Your task – Give the lines below again, exactly as they stand, and leave out the images.

Recorded information –

=== Begin Enclosure ===

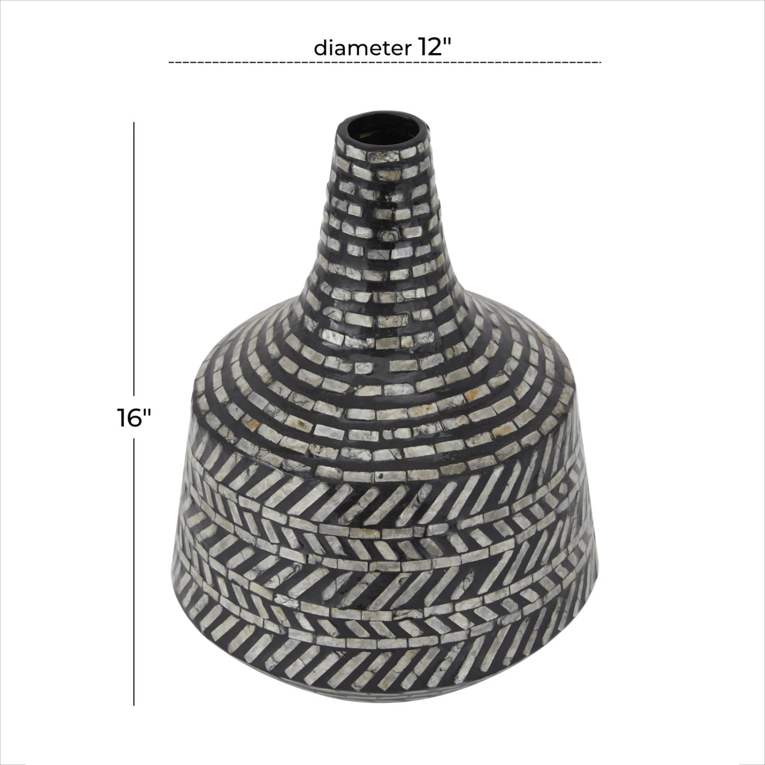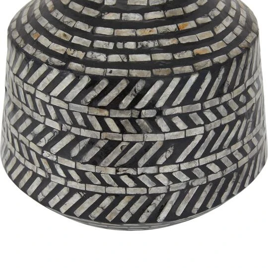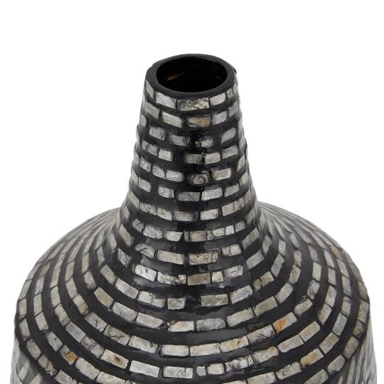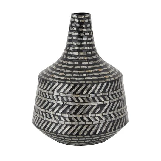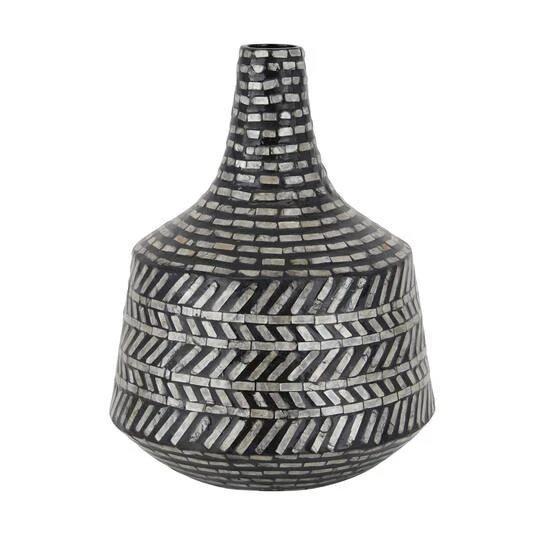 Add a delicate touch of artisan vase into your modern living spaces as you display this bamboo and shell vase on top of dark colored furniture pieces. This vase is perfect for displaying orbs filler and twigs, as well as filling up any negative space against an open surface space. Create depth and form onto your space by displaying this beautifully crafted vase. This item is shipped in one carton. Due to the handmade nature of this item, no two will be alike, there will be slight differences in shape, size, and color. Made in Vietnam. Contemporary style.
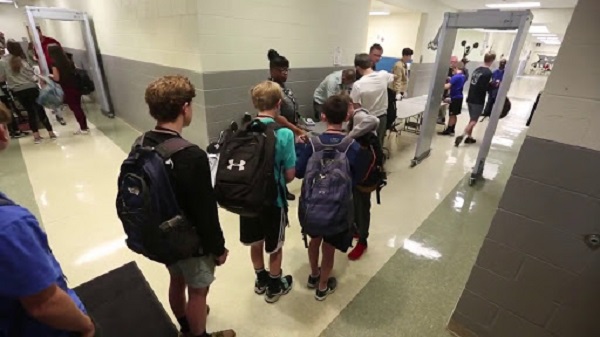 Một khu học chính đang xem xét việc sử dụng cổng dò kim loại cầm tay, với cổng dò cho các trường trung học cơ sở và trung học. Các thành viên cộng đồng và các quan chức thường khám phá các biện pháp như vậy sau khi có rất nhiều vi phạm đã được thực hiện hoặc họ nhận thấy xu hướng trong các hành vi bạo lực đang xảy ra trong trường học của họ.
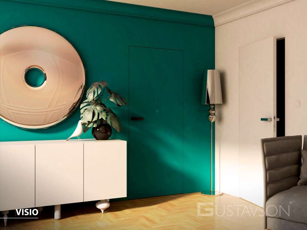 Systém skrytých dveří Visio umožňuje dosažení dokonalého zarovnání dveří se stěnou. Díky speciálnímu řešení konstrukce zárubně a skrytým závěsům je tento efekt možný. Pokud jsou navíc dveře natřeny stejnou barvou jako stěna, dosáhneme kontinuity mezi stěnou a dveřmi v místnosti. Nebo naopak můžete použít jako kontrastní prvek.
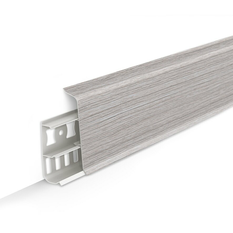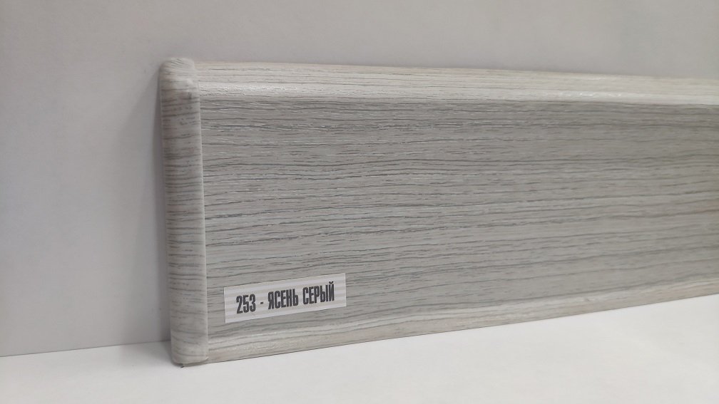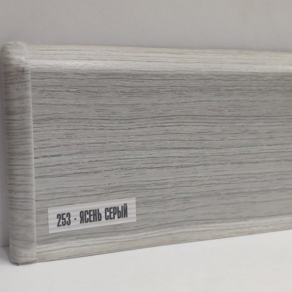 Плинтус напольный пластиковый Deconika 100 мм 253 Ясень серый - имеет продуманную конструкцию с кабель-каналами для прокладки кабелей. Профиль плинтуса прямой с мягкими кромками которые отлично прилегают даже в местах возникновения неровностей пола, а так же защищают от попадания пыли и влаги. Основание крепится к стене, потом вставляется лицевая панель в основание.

=== End Enclosure ===

Response –
 Add a delicate touch of artisan vase into your modern living spaces as you display this bamboo and shell vase on top of dark colored furniture pieces. This vase is perfect for displaying orbs filler and twigs, as well as filling up any negative space against an open surface space. Create depth and form onto your space by displaying this beautifully crafted vase. This item is shipped in one carton. Due to the handmade nature of this item, no two will be alike, there will be slight differences in shape, size, and color. Made in Vietnam. Contemporary style.
 Một khu học chính đang xem xét việc sử dụng cổng dò kim loại cầm tay, với cổng dò cho các trường trung học cơ sở và trung học. Các thành viên cộng đồng và các quan chức thường khám phá các biện pháp như vậy sau khi có rất nhiều vi phạm đã được thực hiện hoặc họ nhận thấy xu hướng trong các hành vi bạo lực đang xảy ra trong trường học của họ.
 Systém skrytých dveří Visio umožňuje dosažení dokonalého zarovnání dveří se stěnou. Díky speciálnímu řešení konstrukce zárubně a skrytým závěsům je tento efekt možný. Pokud jsou navíc dveře natřeny stejnou barvou jako stěna, dosáhneme kontinuity mezi stěnou a dveřmi v místnosti. Nebo naopak můžete použít jako kontrastní prvek.
 Плинтус напольный пластиковый Deconika 100 мм 253 Ясень серый - имеет продуманную конструкцию с кабель-каналами для прокладки кабелей. Профиль плинтуса прямой с мягкими кромками которые отлично прилегают даже в местах возникновения неровностей пола, а так же защищают от попадания пыли и влаги. Основание крепится к стене, потом вставляется лицевая панель в основание.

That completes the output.